The following is a press release from an organization unaffiliated with Voice of OC. The views expressed here are not those of Voice of OC.
FOR IMMEDIATE RELEASE
Contact: Carrie Braun, Public Information Mgr. 714-788-8060 Carrie.Braun@ocgov.com
County Hires Director of Ethics Commission
Santa Ana, Calif. (March 14, 2017) — The County of Orange Board of Supervisors voted today to hire Denah Hoard as the County’s Executive Director of the Office for Campaign Finance and Ethics Commission.
In October 2015, the Board of Supervisors reviewed the recommendations of a special committee spearheaded by Supervisor Todd Spitzer, Third District, and Supervisor Shawn Nelson, Fourth District, evaluating the establishment of a local ethics commission, and directed County attorneys to prepare ballot language for an ordinance. The ordinance was approved by Orange County voters in June 2016 with more than 70 percent voting in favor. The County then conducted a public recruitment for the Executive Director, who will oversee the five-person commission.
With more than 20 years of public service as an attorney representing public entities, Hoard comes to the County after most recently serving as the Senior Assistant City Attorney for the City of Orange. Prior to the City of Orange, Hoard held positions at California State University, Long Beach and the City of Santa Ana.
“We look forward to welcoming Denah to the County of Orange,” said Chairwoman Michelle Steel, Second District Supervisor.
“Orange County’s ethics commission will be a model for other counties to follow,” said Vice-Chair Andrew Do, First District Supervisor. “Making certain that the public’s trust in their elected public servants remains high is vitally important.”
The office of the Campaign Finance and Ethics Commission will be tasked with reviewing county conflict-of-interest statements, monitoring compliance with ethics laws, creating a compliance manual and providing training to elected officials, candidates and staffs. The office will also enforce the County’s gift ban ordinance and make certain that the County’s Code of Ethics provisions are followed.
“This is a breakthrough step and long overdue in Orange County,” said Supervisor Spitzer. “I’m confident that Denah and this commission will make a difference as an important resource providing useful guidance and oversight.”

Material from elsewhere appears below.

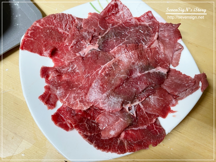 일단 소고기 핏물을 좀 빼주고 얇게 준비되어 있는 소고기를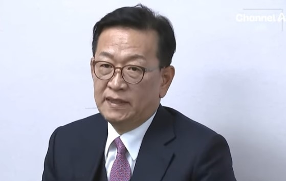 윤석열 대통령의 탄핵심판 법률대리인인 석동현 변호사가 지난 9일 외신기자 대상으로 한 기자회견에서 윤 대통령 탄핵 심판과 관련한 질문에 답하고 있다. 채널A

The commission would have the authority to subpoena bank statements of campaign committees, create an independent campaign contribution tracking system and develop an annual ethics training program for County officials and staff.
“This ethics commission will inform the public, who serve as the ultimate ethics commission when they utilize the power of their voice by voting,” said Supervisor Nelson.
Orange County’s landmark campaign reform ordinance, known as TINCUP for “Time is Now, Clean Up Politics” was approved in 1978 and amended in 1992. TINCUP regulates campaign contribution limits and other campaign activity for County elected officials, including the offices of Supervisor,
Assessor, Auditor-Controller, Clerk-Recorder, District Attorney-Public Administrator, Sheriff- Coroner, Treasurer-Tax Collector and the Superintendent of Schools.
“The voters have told us how they want oversight enforced in Orange County, and with the creation of the commission our existing ordinances and Code of Ethics will be more effective and transparent,” said Supervisor Lisa Bartlett, Fifth District.
Hoard is expected to start April 10, 2017 and will then address the timeline and process for the selection of the commissioners.